Local environmental protection officials advocated for construction and design standards that made it feasible to plant shrubs and trees on top of the landfill without compromising the protective barrier that capped the waste. Historically, capped landfills had been transformed into manicured lawns and were not designed as accessible open spaces. The process also typically involves elaborate and visible pipe systems to allow for the off-gassing of methane produced by the decomposition of organic waste. Because of bureaucratic foresight, much of that infrastructure is hidden — thousands of meters of piping lie underground, carrying gas to two flares at either end of the park.

Free Bike Library at Shirley Chisholm State Park. (Image Courtesy of Daphne Lundi)
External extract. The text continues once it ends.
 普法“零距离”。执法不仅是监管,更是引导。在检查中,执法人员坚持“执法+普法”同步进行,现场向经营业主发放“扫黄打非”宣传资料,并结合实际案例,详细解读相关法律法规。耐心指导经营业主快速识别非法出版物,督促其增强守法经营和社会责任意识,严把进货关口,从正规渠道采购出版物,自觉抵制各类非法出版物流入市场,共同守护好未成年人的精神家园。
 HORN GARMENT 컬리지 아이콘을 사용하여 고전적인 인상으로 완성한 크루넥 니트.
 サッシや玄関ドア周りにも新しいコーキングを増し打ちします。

The 10 miles of gravel hiking and biking trails running throughout the park function as environmental testing paths, allowing workers to monitor gas emissions and take samples. Wayfinding structures throughout the park, designed by MVVA, are mini obelisks mounted on heavy concrete plinths to avoid the need for footings in the topsoil. Old “coming soon” signs that had lined the Belt Parkway for years were repurposed as welcome signage. The park’s extensive fencing network, which demarcates park space from environmental monitoring space, became a stage to showcase the park’s wildlife through jewel-toned fence screening featuring black stencil prints of butterflies, turtles, and fish species native to the area. The building with Shirley Chisholm’s mural is strategically located in a transitional zone at grade, just off the capped landfill. The elevation created by capping the landfills offers panoramic views of Lower Manhattan and flood protection; during Superstorm Sandy, the site was largely unscathed and served as a buffer, protecting Starrett City from coastal flooding.
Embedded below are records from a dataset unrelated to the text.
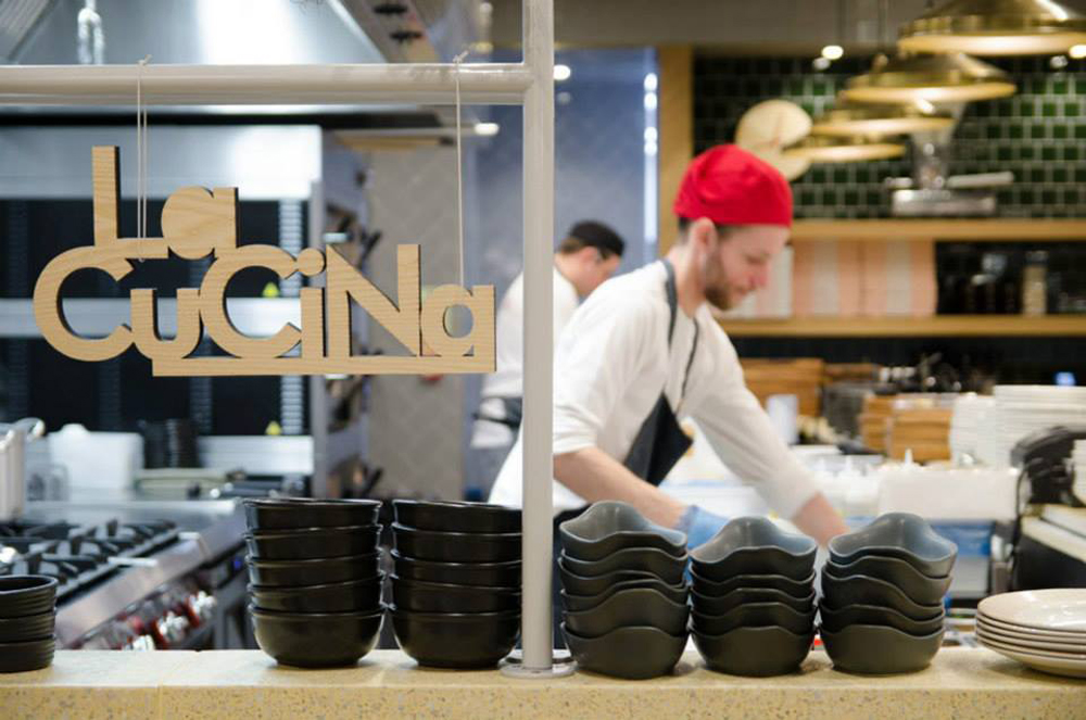 The flow of the kitchen has been central to the new design, says Holmes. “We know exactly what size to build, what the optimum space is and we have also considered things like the optimum number of chefs needed to produce the menu and which dish goes in which section of the kitchen. We have three sections — the salad section, pizza section and a pasta section — and we make sure the menu is engineered so that there is an even workload across all three.
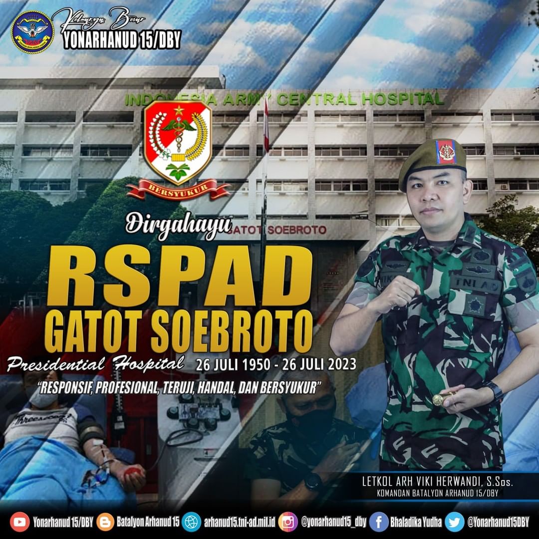 Keluarga Besar Batalyon Arhanud 15/DBY Mengucapkan Dirgahayu RSPAD Gatot Soebroto
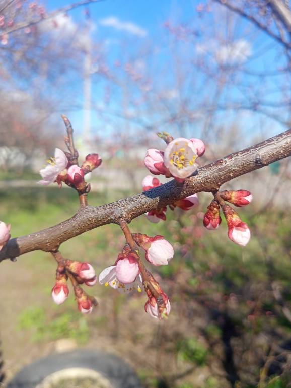 У нас морозы, ночью до 12, днём -4, примерно. Но солнце яркое, с крыш капает, во дворе лёд

Over 200 bird species have been recorded in the park. Last December, a snowy owl was spotted, the first time the bird had been seen in Brooklyn in years. Whenever I’m biking through the park, I ride past countless children learning how to ride a bike, a safe, car-free oasis along the Belt Parkway where New Yorkers can fall in love with cycling. This kind of multi-layered infrastructure (environmental remediation, community space, habitat restoration, and flood protection) would not be possible without rigorous environmental regulations, environmental justice advocates, designers and policy experts, and governments investing in projects that center the care and well-being of the people they serve.
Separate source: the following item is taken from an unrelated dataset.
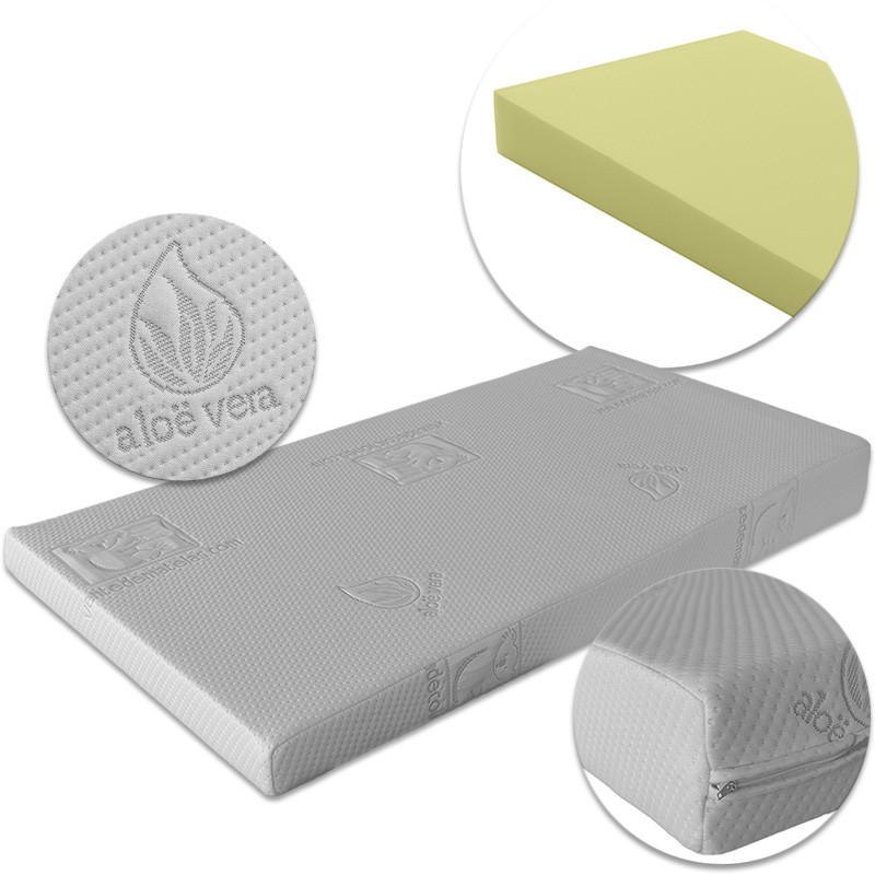 El núcleo de 10 cm de grosor está fabricado en poliuretano de alta densidad (20 kg/m³), un material indeformable que asegura la posición correcta del bebé durante el descanso. La funda exterior, en tejido Stretch de 400 g/m² 100% poliéster con tratamiento Ultimate Freshness y Aloe Vera, aporta suavidad y propiedades naturales que cuidan la piel del bebé. La funda es extraíble y lavable, con cremalleras en tres lados que facilitan su mantenimiento. Este colchón se adapta tanto a bases rígidas como a somieres multiláminas, garantizando funcionalidad y confort duraderos, respaldados por 3 años de garantía en núcleo y funda.
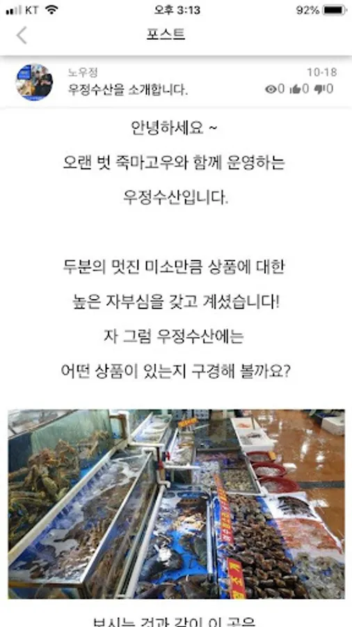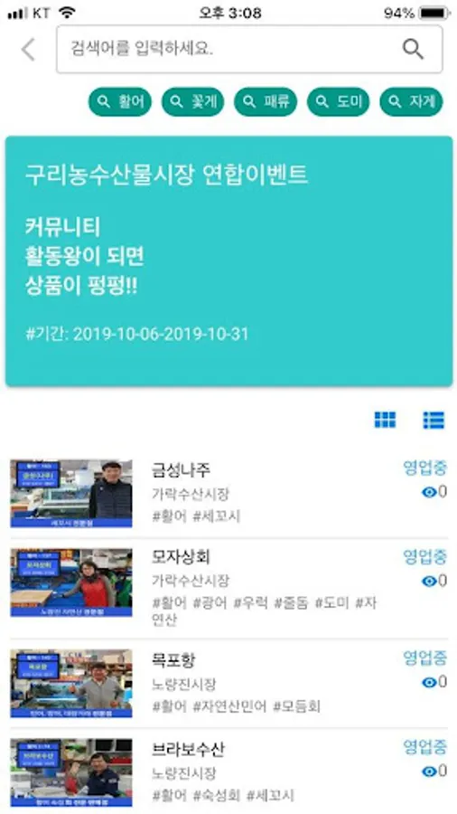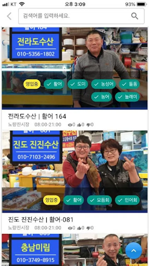 각 상점의 포스팅 글과 리뷰 글에 주목하여 주십시오. 제철 맞은 수산물이 당신을 기다리고 있습니다.

The backside of the building with the Shirley Chisholm mural features one of her most timeless quotes: “Service is the rent we pay for the privilege of living on this earth.” It’s a fitting quote for a park that provides a lot of lessons in what service can look like. This park was not a given. At any point, negotiations could have fallen apart, a change in administration could have meant going back to the drawing board, and communities that waited 30 years for safe access to the waterfront could have waited another 30 years. But it happened through persistence, creative design and policy solutions, and vision. It makes me think about what’s still possible when care, not contempt, is the foundation of governance.